The Wild Orchid Society finds Cezanne Martin, fresh off a triumphant case whose sleazier particulars have embarrassed her superiors, busted to cold-case duty. Of course, the moment one of Moore's characters lays hands upon a dormant investigation, you know the thing is bound to re-heat itself to a rolling boil. There follows a connection to a perverse community, led by a predatory sadist who hasn't any better sense than to equate mayhem with entertainment. The detective hasn't any better sense than to infiltrate this den of deviants -- a fortunate thing, too, for without her fools-rush-in gumption there'd be no story worth the telling.

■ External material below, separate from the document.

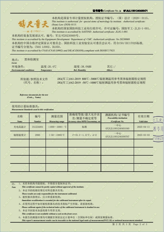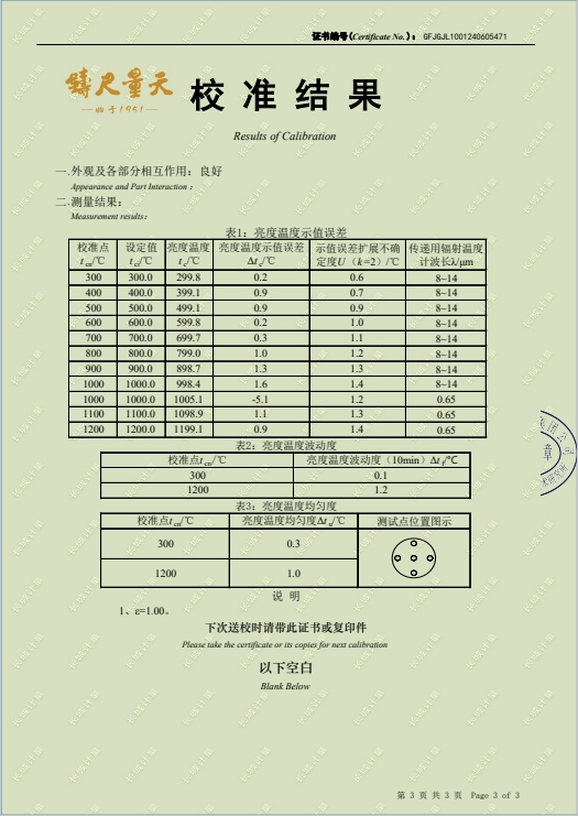 腔式黑體輻射源(300-1200℃)304所證書(shū) 2024-6-18 本文被閱讀 7132 次

Had Moore found herself at large in the day of Robert Leslie Bellem, she'd probably have given the established writers of that era a run for their money. She might have found it necessary to assume a masculine-sounding pseudonym, or to employ a male character as her protagonist. She would have found, perhaps, a readier market for her fiction - the pulp magazines' circulation ran past the tens of millions -- and when the pulps died out during the 1950s she'd probably have retrenched successfully into the new realm of paperback-novel originals.
Moore's entrepreneurial nature - as a practicing attorney, a self-starting novelist and a credentialed peace officer -- dictates that she must create a professional environment in which she, and her storytelling muse, can thrive.
Bellem, by contrast, probably could not survive if he should re-surface as an author of the competitive here-and-now. The pulp magazines in which Bellem held forth were like found money for a writer with the simple ability to make a typewriter smoke. And when the pulps cratered, as John Wooley writes in an introduction to Roscoes in the Night, "guys like [Bellem] had to look for other sources of income." The operative phrase here is look for, as opposed to creating one's moneymaking device. (Bellem retrenched into early-day network television, as a writer and editor.)
Each of these books stands on its merits, and on its vivid, verbose evocation of a time and a place. Their proximity to one another underscores the lasting nature of the hard-boiled school of crime fiction. That the books also should share ties to Fort Worth -- where Moore bases her parallel careers, and where Wooley is a mainstay of the Cowtown Society of Western Music - only intensifies their appeal to a readership attuned to rooting for the home team.